--- DATA SHOWN ---
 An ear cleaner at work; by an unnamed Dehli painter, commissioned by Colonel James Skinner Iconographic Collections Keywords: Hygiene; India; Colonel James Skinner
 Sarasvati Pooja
---
--- DATA SHOWN ---
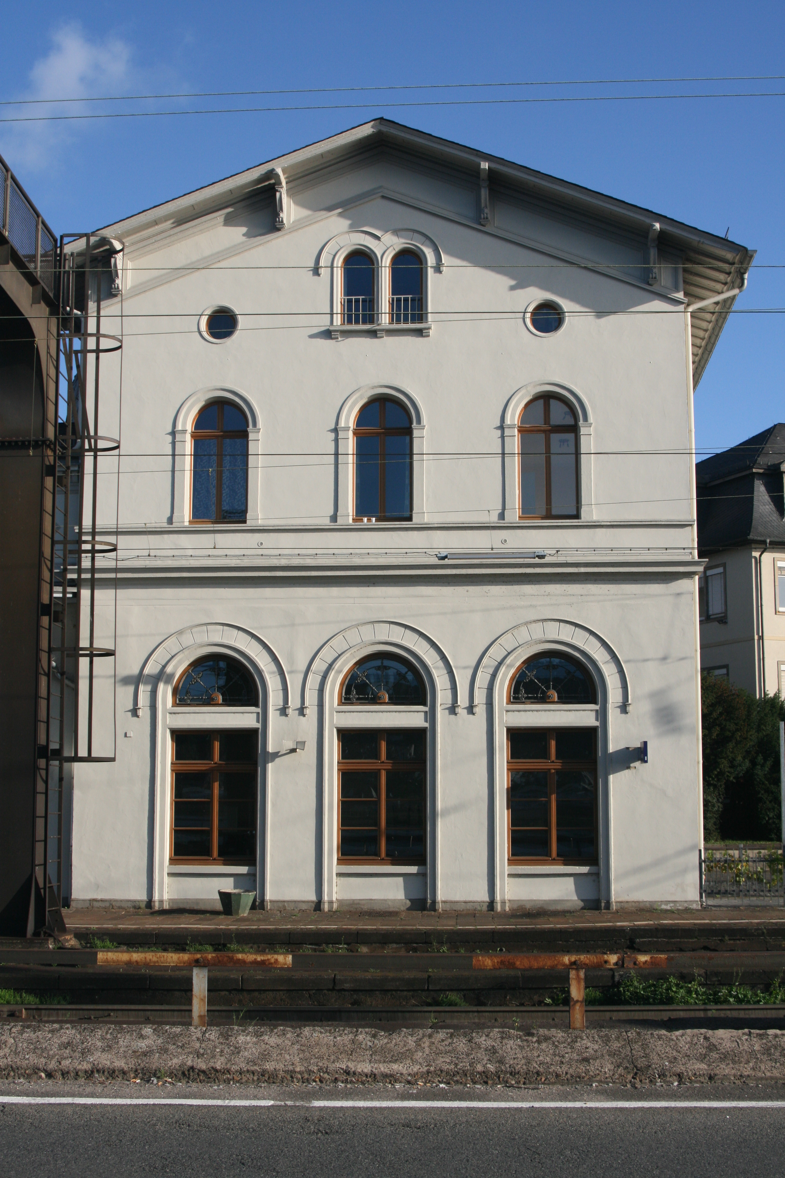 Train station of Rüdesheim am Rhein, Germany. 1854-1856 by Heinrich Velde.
---
YOUR ASSIGNMENT >> Would you print exactly, and only, the lines of the data above from the line with "An ear cleaner" through the line with "Sarasvati Pooja", inclusive?

EXERCISE ANSWER >>
 An ear cleaner at work; by an unnamed Dehli painter, commissioned by Colonel James Skinner Iconographic Collections Keywords: Hygiene; India; Colonel James Skinner
 Sarasvati Pooja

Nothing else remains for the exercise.